Out in public: Now, if you remember kindergarten, H is like, pretty far down the alphabet. 

We asked the spokesperson whether this latest round had gotten Anduril any closer to that long-rumored IPO—or had changed the company’s thinking on the whole public markets thing.

They told Tectonic that the goal remains to IPO—but that a listing is not imminent. 

  • The business as a whole needs to be profitable (or close to it) first—currently, some business lines are, but not the whole shebang.
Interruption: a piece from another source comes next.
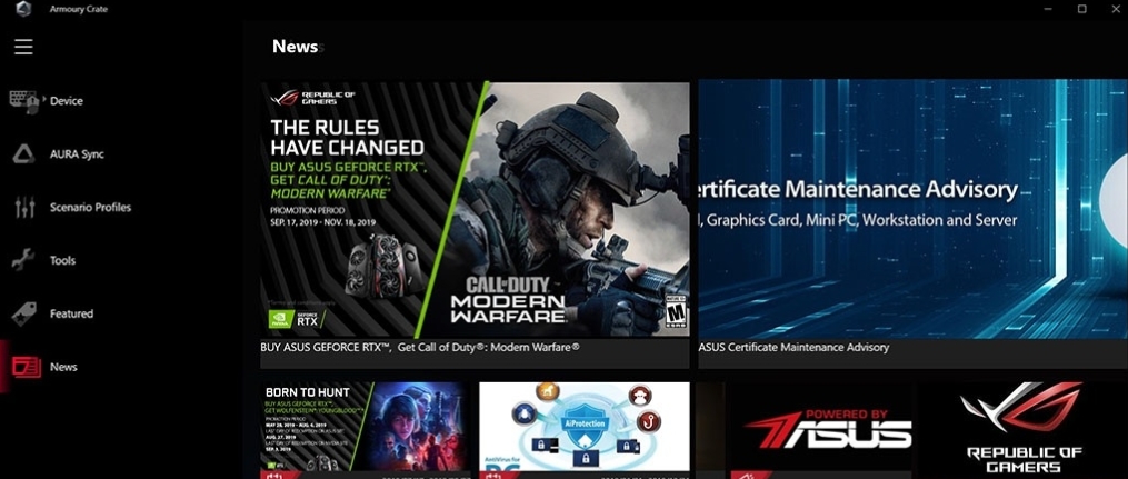 | Aura Sync | 제품 연동 | 드라이버 다운로드 | 게임 관련 정보 | 뉴스 |

FWIW: Anduril’s revenue hit $2.2B in 2025, according to a letter to investors by Schimpf.
  • It’s also about timing, and whether the IPO market is favorable, they added.
  • Right now, the spokesperson said, there are a lot of venture dollars available to Anduril (this round, like all of their rounds, was oversubscribed), so that’s how they’re choosing to fund their expansion.

“Withstanding techno-military competition will require rapid means to reconstitute combat power in short periods of time,” Schimpf wrote in that investor letter back in January. “As we look to the coming year, we remain focused on delivering the arsenal that keeps the United States and its allies out of the fight by preparing for it.”

This article has been updated to reflect that Anduril has raised over $11B across eight rounds.